What is needed
All records below are to be duplicated exactly, with every picture excluded.

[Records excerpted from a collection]
————

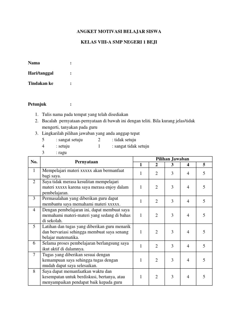 Contoh angket motivasi belajar. Contoh angket motivasi dan minat siswa. Berilah tanda silang. Maka dari itu saya sharekan contoh angket. Tuliskan nama kelas dan nomor absen. Academiaedu is a platform for academics to share research papers. Bacalah pertanyaan pertanyaan di bawah ini dengan teliti.
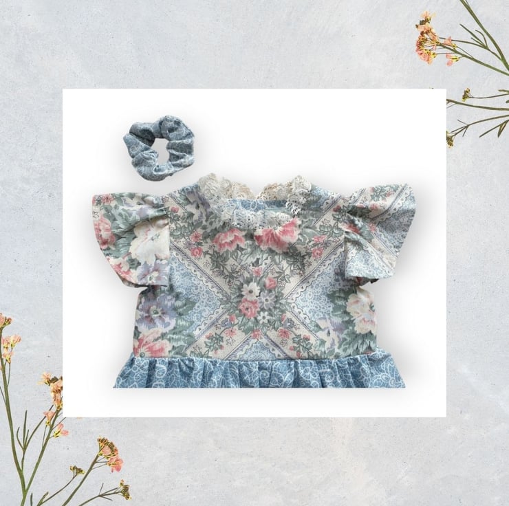 This dress would be perfect for a summers day, I can really see a little girl skipping along the path wearing it. She was originally bed linen and I fell in love with it as soon as I set eyes on it. It's so pretty and I'm really please with how she looks in her new life as a dress. Perfect for that grand summers day out!
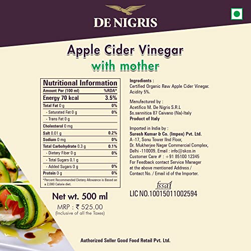 De Nigris Organic Apple Cider Vinegar, 500ml
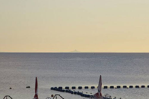 見る場所によっては、水平線の上にちょっとだけ見えるので、
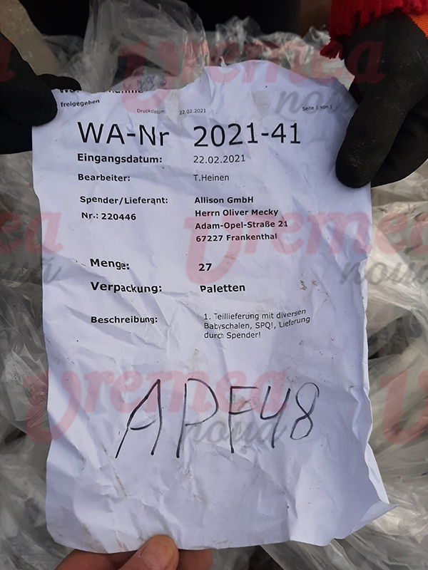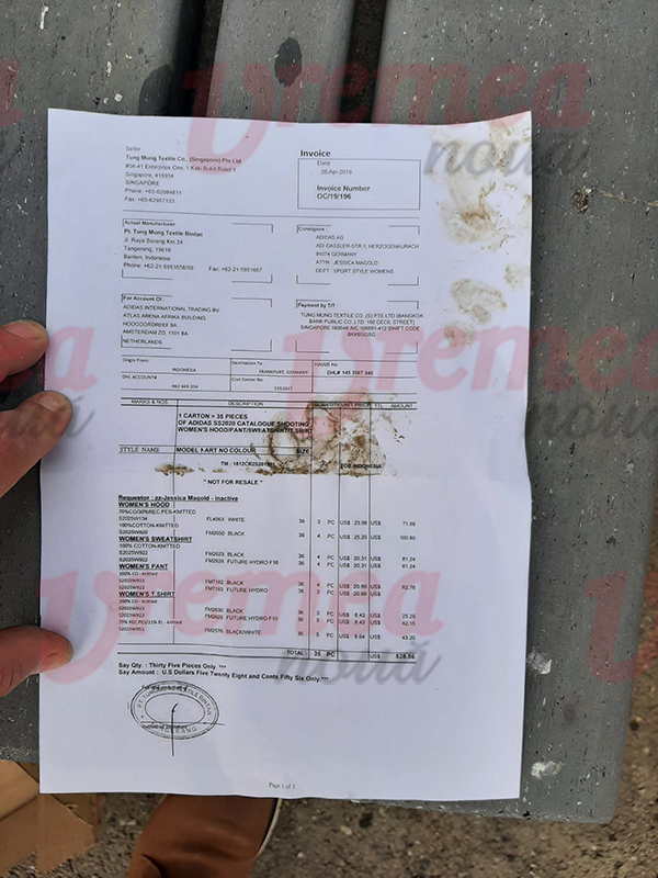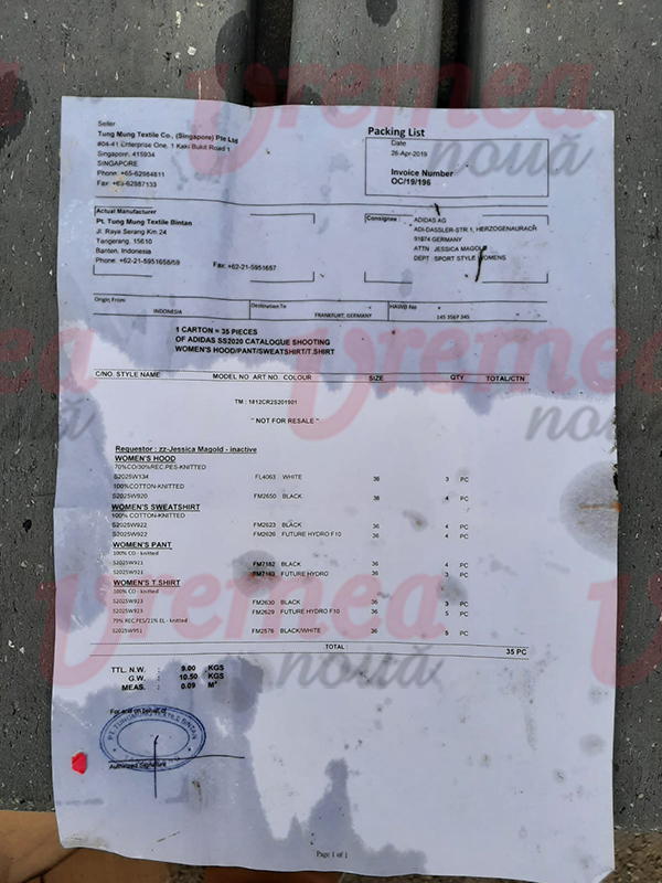 Ambalajele aruncate în câmp proveneau de la o marfă produsă de celebru producător german de echipamente sportive, Adidas și se pare că erau tot pentru o firmă din Germania. Cel puțin așa arătau documentele găsite printre cutii. Cert este că cei de la Compania de Drumuri Naționale s-au ales cu o sarcină în plus și anume de a curăța parcarea și de a preda “prada” la o firmă specializată de dus gunoiul, bineînțeles pe cheltuiala lor. “Nu e normal ce se întâmplă și sperăm că acest incident să fie unul izolat. Totuși să descarci atât gunoi într-o parcare și nimeni din trafic să nu se sesizeze e o anomalie. Ori a dispărut simțul civic, ori cei care au trecut și au văzut cum șoferul  descărca gunoiul li s-au părut a fi un gest normal”, au spus lucrătorii de la Compania de Drumuri Naționale, care s-au mobilizat pentru a strânge gunoiele înainte de a fi împrăștiate de vânt.
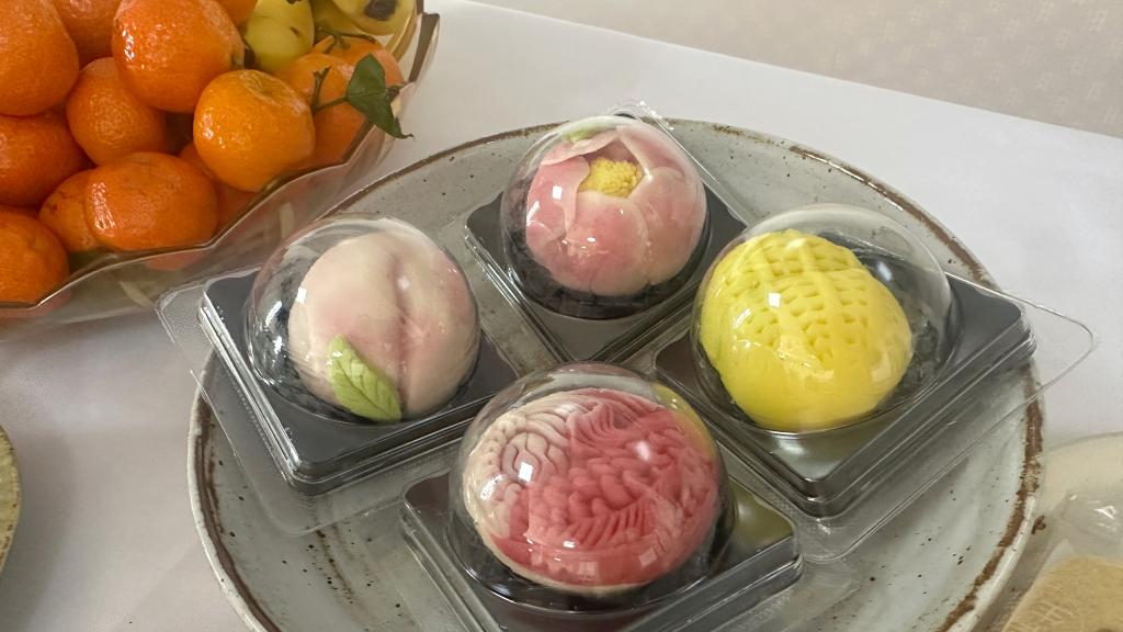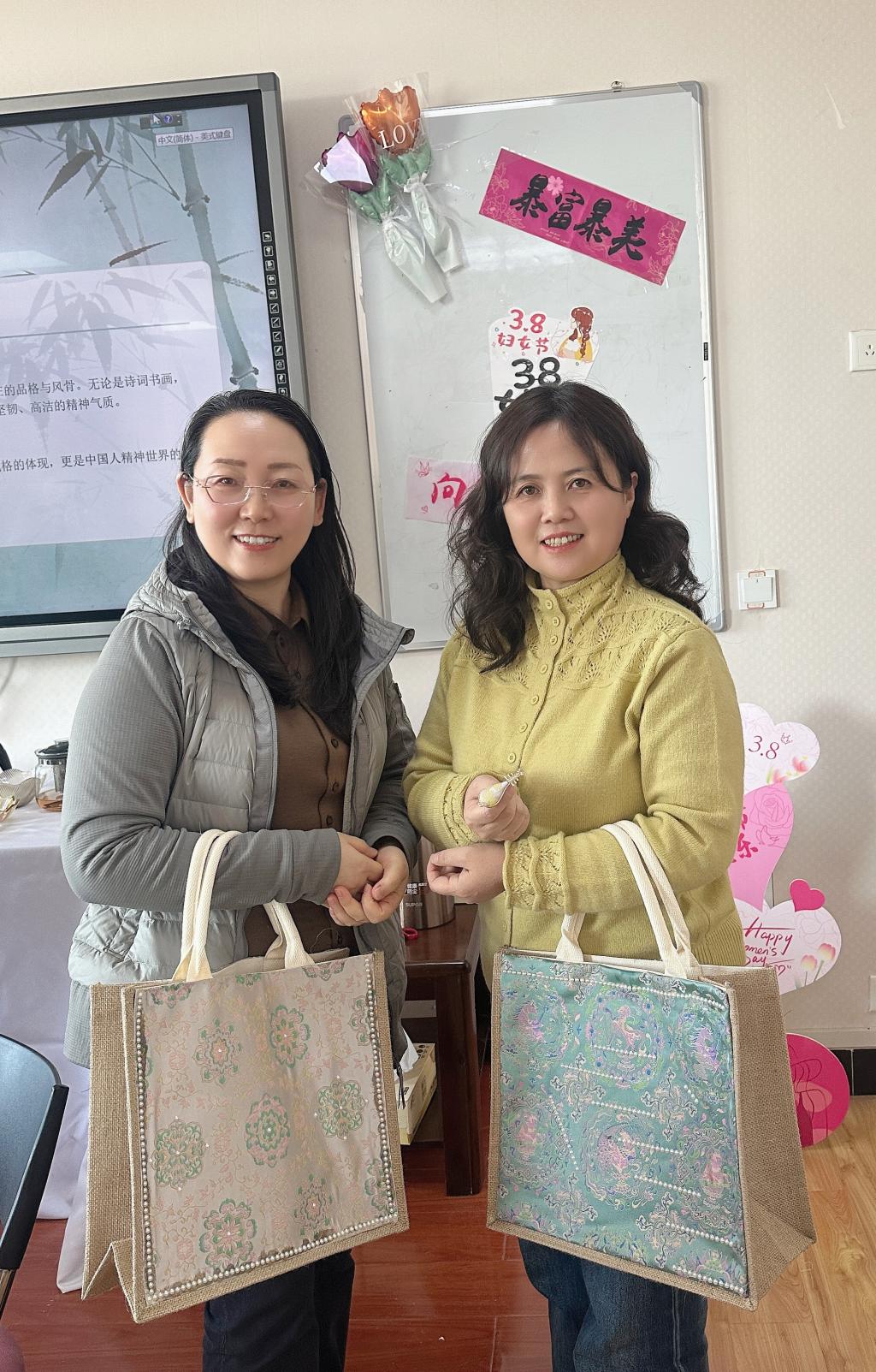手作结束后,现场还设置了作品展示与茶叙环节。老师们佩戴着亲手制作的胸针,手持雅致的宋锦包拍照打卡,留下节日的美丽瞬间。茶点配香茗,悠然品味间,大家聚在一起,分享手作心得,畅聊工作生活,欢声笑语中洋溢着节日的温馨与美好。

————

Response below
 Contoh angket motivasi belajar. Contoh angket motivasi dan minat siswa. Berilah tanda silang. Maka dari itu saya sharekan contoh angket. Tuliskan nama kelas dan nomor absen. Academiaedu is a platform for academics to share research papers. Bacalah pertanyaan pertanyaan di bawah ini dengan teliti.
 This dress would be perfect for a summers day, I can really see a little girl skipping along the path wearing it. She was originally bed linen and I fell in love with it as soon as I set eyes on it. It's so pretty and I'm really please with how she looks in her new life as a dress. Perfect for that grand summers day out!
 De Nigris Organic Apple Cider Vinegar, 500ml
 見る場所によっては、水平線の上にちょっとだけ見えるので、
 Ambalajele aruncate în câmp proveneau de la o marfă produsă de celebru producător german de echipamente sportive, Adidas și se pare că erau tot pentru o firmă din Germania. Cel puțin așa arătau documentele găsite printre cutii. Cert este că cei de la Compania de Drumuri Naționale s-au ales cu o sarcină în plus și anume de a curăța parcarea și de a preda “prada” la o firmă specializată de dus gunoiul, bineînțeles pe cheltuiala lor. “Nu e normal ce se întâmplă și sperăm că acest incident să fie unul izolat. Totuși să descarci atât gunoi într-o parcare și nimeni din trafic să nu se sesizeze e o anomalie. Ori a dispărut simțul civic, ori cei care au trecut și au văzut cum șoferul  descărca gunoiul li s-au părut a fi un gest normal”, au spus lucrătorii de la Compania de Drumuri Naționale, care s-au mobilizat pentru a strânge gunoiele înainte de a fi împrăștiate de vânt.
手作结束后,现场还设置了作品展示与茶叙环节。老师们佩戴着亲手制作的胸针,手持雅致的宋锦包拍照打卡,留下节日的美丽瞬间。茶点配香茗,悠然品味间,大家聚在一起,分享手作心得,畅聊工作生活,欢声笑语中洋溢着节日的温馨与美好。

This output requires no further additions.